Apr 10 2006
Despite the discovery of a dead swan infected with bird flu in Scotland panic has abated over the possibility of a widespread outbreak of bird flu in the UK.
The testing of more than 1,100 birds since the end of February has revealed no further cases.
According to the Department for the Environment, Food and Rural Affairs there are currently no reported cases of suspected of bird flu prioritised for testing and the swan remains the only confirmed case of the deadly H5N1 strain.
The swan was found washed up in the harbour of the coastal town Cellardyke, in Fife, in Scotland, but the Government's senior scientific adviser Sir David King is emphatic that bird flu is not present among poultry in Britain.
King says he is optimistic about its absence in the wild bird population and says to date only one dead bird has been washed ashore with H5N1 and this may have come from an area of Europe that had previously been infected.
King says more evidence of spread of the virus must be seen before it can be said that it has arrived in the UK.
The bird was found in an advanced state of decay, minus its head making identification difficult but experts at the Central Science Laboratory in York are continuing to conduct DNA tests on it.
By establishing the species epidemiologists will be able to determine if it was migratory and where it came from.

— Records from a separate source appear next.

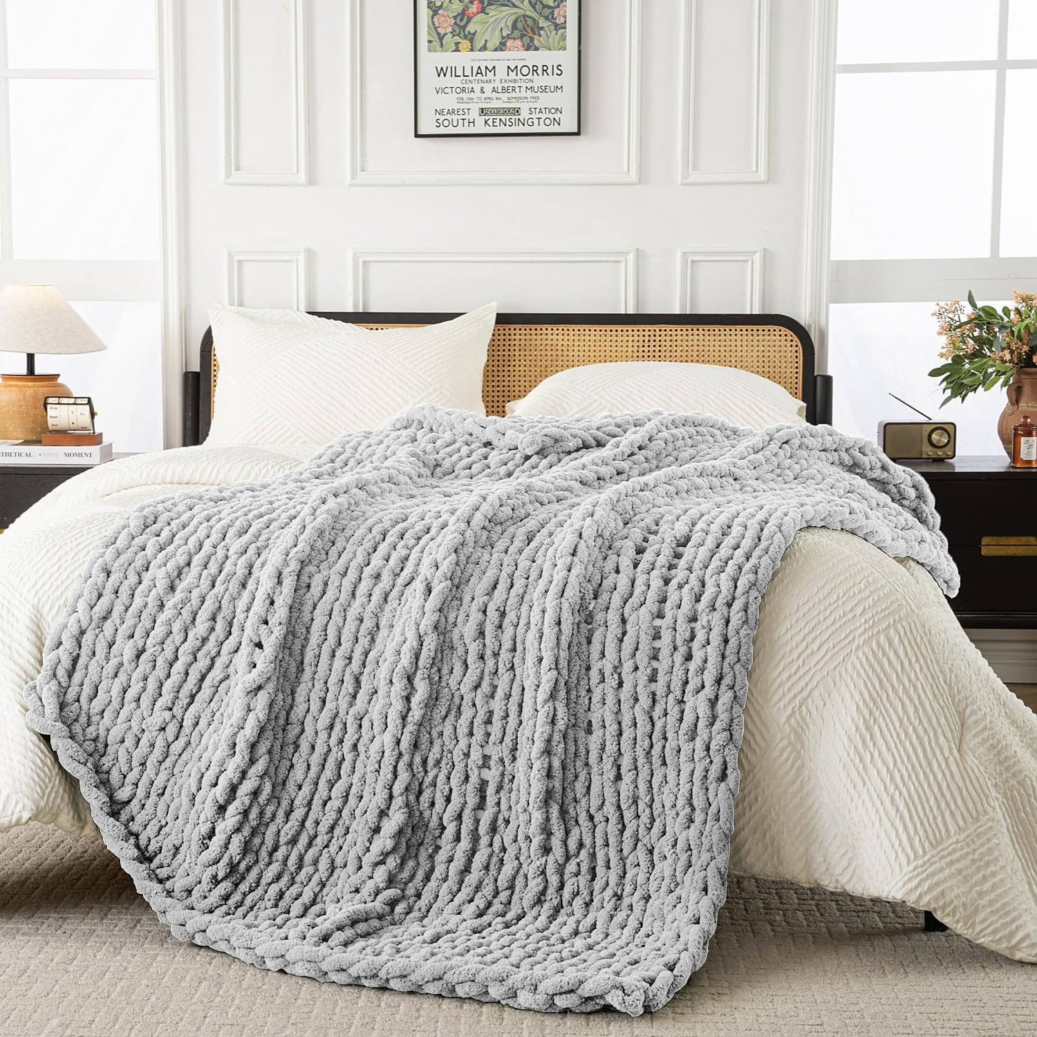 - Exquisite Chunky Knit Blanket & Reversible Softness:Soft chenille throw blanket has been pulled and tested many times to ensure that is not easy to shed, pilling, tear into pieces, or even wear!Enjoy cuddling with this soft and calming blanket whenever you're ready to get cozy.
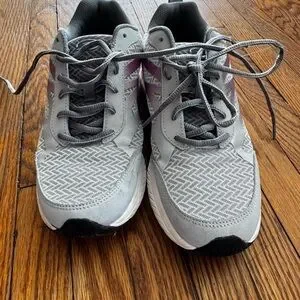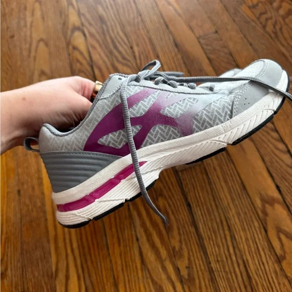 Step up your workout with these stylish gray and purple athletic shoes. Designed for comfort and performance.
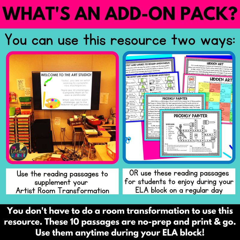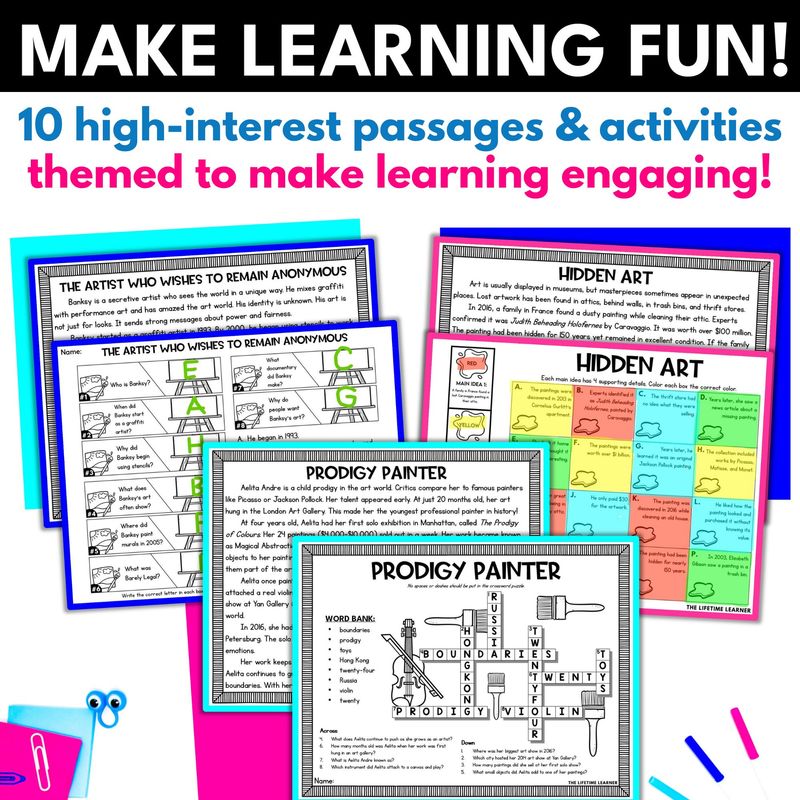 Are you looking for ELA reading passages students will actually WANT to read? Make learning FUN with these 10 art themed reading comprehension passages and activities! Use this “artist add-on pack” of informational reading passages to spiral review nonfiction reading skills during your ELA block OR during an art themed classroom transformation. They’re appropriate for 3rd, 4th, and 5th graders.

Experts are reluctant to speculate on how the swan may have picked up the disease until that information is available.
Meanwhile tests conducted on a farm in southern Austria, after 500 chicken died over a short period, have proved negative to the bird flu virus.
The samples were tested by the government agency for health and food safety, AGES, and the ministry says that it will carry out further tests to find the reasons for the deaths.
To date Austria has had many cases of bird flu in wild birds, and one case in domestic poultry in an animal sanctuary, but no commercial flocks have been affected.
Last week Germany reported a case of the highly pathogenic H5N1 strain of the bird flu virus in commercial poultry.